Companies that merged in 1900 to become ITR—International Time Recorders:
- Bundy Manufacturing Company
- Willard and Frick Manufacturing Company (Rochester)
- Standard Time Stamp Company (NYC)
Companies that merged in 1911 to become CTR—Computing Tabulating Recording Corporationn:
- International Time Recorders
- Tabulating Machine Company (Washington DC)
- Computing Scale Company (Dayton OH)
CTR renamed IBM—International Business Machines—in 1928. Profits for it first 20 years came mainly through the sale of ITR wares, of which Bundy was VP until retirement. It operated in the ITR building, where the Boscov parking garage now stands.
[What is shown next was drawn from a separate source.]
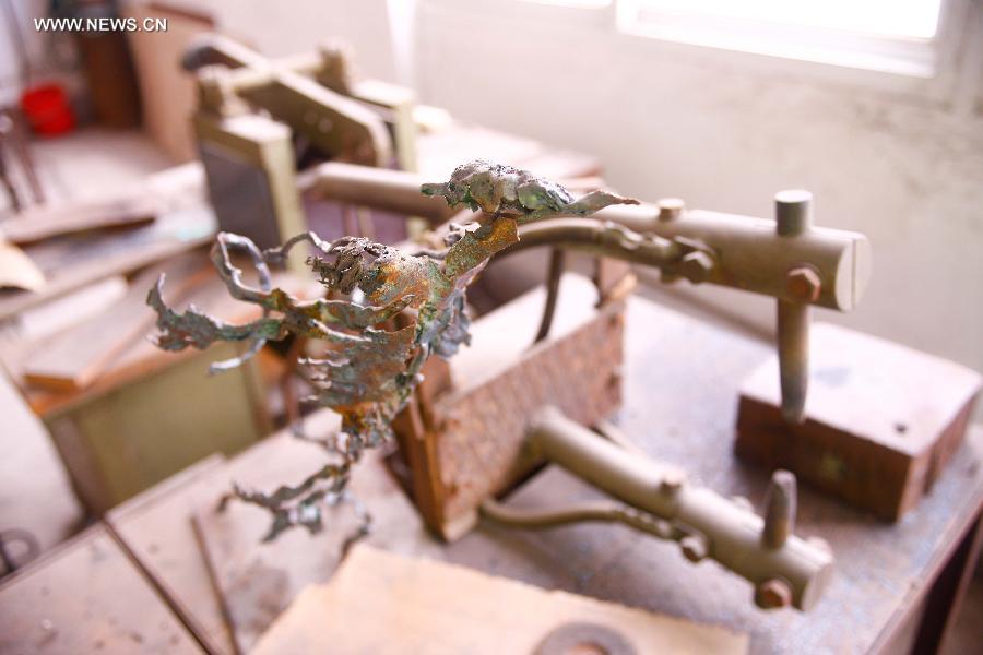 Photo taken on Sept. 18, 2014 shows an abstract work in a studio in Chu Iron Picture factory in Wuhu, East China's Anhui province. Chu Jinxia, an inheritor of iron picture craftwork, learned the art from her father Chu Yanqing, a great master of iron picture. Having a history of about 350 years, the iron picture was listed as the first batch of national intangible cultural heritages in 2006. The iron picture craftwork, which uses iron as material to make pictures, has been transfered from generation to generation in Wuhu, East China's Anhui province and now has been introduced to college students and professors, which leads a new road for the craftwork to develop itself.[Photo/Xinhua]

What I did not ask the Bundy Museum docent—I should have but I just didn’t think of it—he might have known—was whether there was anything to HAL, the deviant computer in 2001–A Space Odyssey, being but IBM minus one letter for each placeholder. It seems hard to believe that it was not, but Stanley Kubrick denied that it was so.
*****
*I instantly picked him out among the 300 wall-mounted photos. (Middle section, left top photo) “That guy looks just like Dick Van Dyke’s boss,” I said. It turns out that is exactly who it was. Richard Deacon was a Binghamton native. He was at his finest as Mel Cooley on the Dick Van Dyke show, eternally deadpan, the perfect and constant butt of all jokes.
Arthur Godfrey was on the wall, too. He I just barely remember, and only by name—I knew nothing specific about him. But I looked him up. “The old redhead,” they called him, he with the folksy, home-spun manner—an enormously popular daytime host. His popularity diminished after he fired a lesser star on-air. Could it be he was more mercurial than he let on? For a time that lesser star, singer Julius LaRosa, ascended, while Godfrey’s descended. And to think that had once been the best of friends.
Needless to say, Rod Serling was also on the wall, but he is the subject of an entirely separate post.